# Oud perfume and room burners



## Mr Rossi (May 16, 2009)

Got a friends over from the UK, love the smell of Oud and want to take some back home. The were in Dubai Mall but left it for now. Is one shop the same as another, both quality and price? 

Is there anywhere specific that's good for buying Oud, we're out and about all tomorrow anyway.


----------



## webmongaz (Feb 2, 2011)

This has to be an Apprentice joke surely! If not I apologise but highly recommend you watch this weeks episode on bbc iplayer which was filmed in Dubai and you will understand me! 

The Oud is a pear-shaped stringed instrument commonly used in Arabic, Hebrew/Jewish, Greek, Turkish, Byzantine, North African...


----------



## Jumeirah Jim (Jan 24, 2011)

Oud can refer to a musical instrument or a scent/perfume. 

Agree about the apprentice. Have just watched this weeks episode. The guy who claimed he knew Dubai like the back of his hand was clearly a joker. I laughed at them going to Dubai mall to stock up on "bargains" to sell in the hotel shop....


----------



## hubbly_bubbly (Oct 17, 2010)

What is Oud (Oudh) – Definition of the Perfume Ingredient Oud (aka Oudh or Agarwood)
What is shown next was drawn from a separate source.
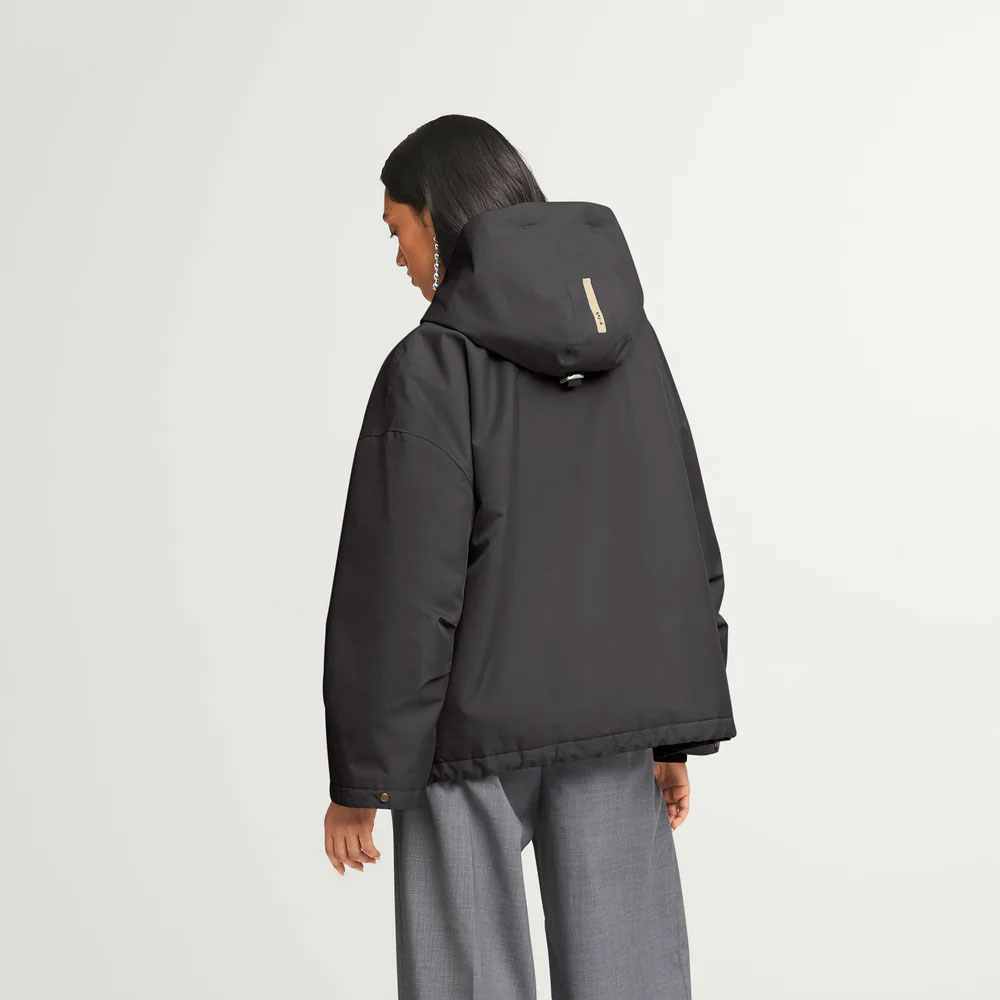 Die hüftlange Jacke ROSIE spielt mit Form und Funktion – und setzt auf individuelle Wandelbarkeit. Dank verstellbarem Saum lässt sie sich entweder in klarer Kastenform oder mit femininer Volumenraffung tragen. Zwei Looks, ein Piece – für maximale Stylingfreiheit. Der edel schimmernde High-Tech-Twill mit weichem Griff verleiht ROSIE eine subtile Eleganz, die in jeder Kombination überzeugt. Ob nonchalant zu Denim oder sophisticated zur Wide-Leg-Hose: ROSIE ist der perfekte Allrounder für einen stilvollen Auftritt – von morgens bis abends. Eine Jacke, die Ihre Garderobe spielend erweitert – modern, vielseitig, mühelos chic

Mr Rossi, I'm sure that there are other places, but if you are not fussed then I recommend Arabian Oud (from Saudi) below. They have a great variety for both men and women - as pure oil, blended or spray - or at least in London they do. It's one of my favourite gift places, precisely for the smell. I'm sure they'll have a store in Dubai somewhere.

Arabian Oud


----------



## Mr Rossi (May 16, 2009)

The Apprentice, idiots making fools of themselves by jumping in without any real knowledge on what they're gnashing their gums about.
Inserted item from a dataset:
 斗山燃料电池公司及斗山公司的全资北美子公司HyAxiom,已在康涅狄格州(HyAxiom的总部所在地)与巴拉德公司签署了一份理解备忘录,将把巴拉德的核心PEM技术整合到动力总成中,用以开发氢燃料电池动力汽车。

Hubbly, cheers. Looks like there's one in Diera City Centre. Yesterday the guy in Dubai mall tried to sell them a 1000 AED bottle. Don't know if this was the guy trying to sell a genuinely expensive bottle or some "gold souk" 800% mark up rip off for tourists.


----------



## slr722 (Feb 8, 2015)

If you want Oud and Aagarwood; Abdus Samad Al Qureshi or Al Haramaain


----------



## Desert_Fever (Apr 13, 2013)

Samad Al Qureshi in Jumeirah - Ask for Taif Rose.. Buy one..get 1 free...


----------



## Stevesolar (Dec 21, 2012)

Wow - someone answered a question yesterday - that was posed in May 2013.
Now that's what you call - "Dubai service"!


----------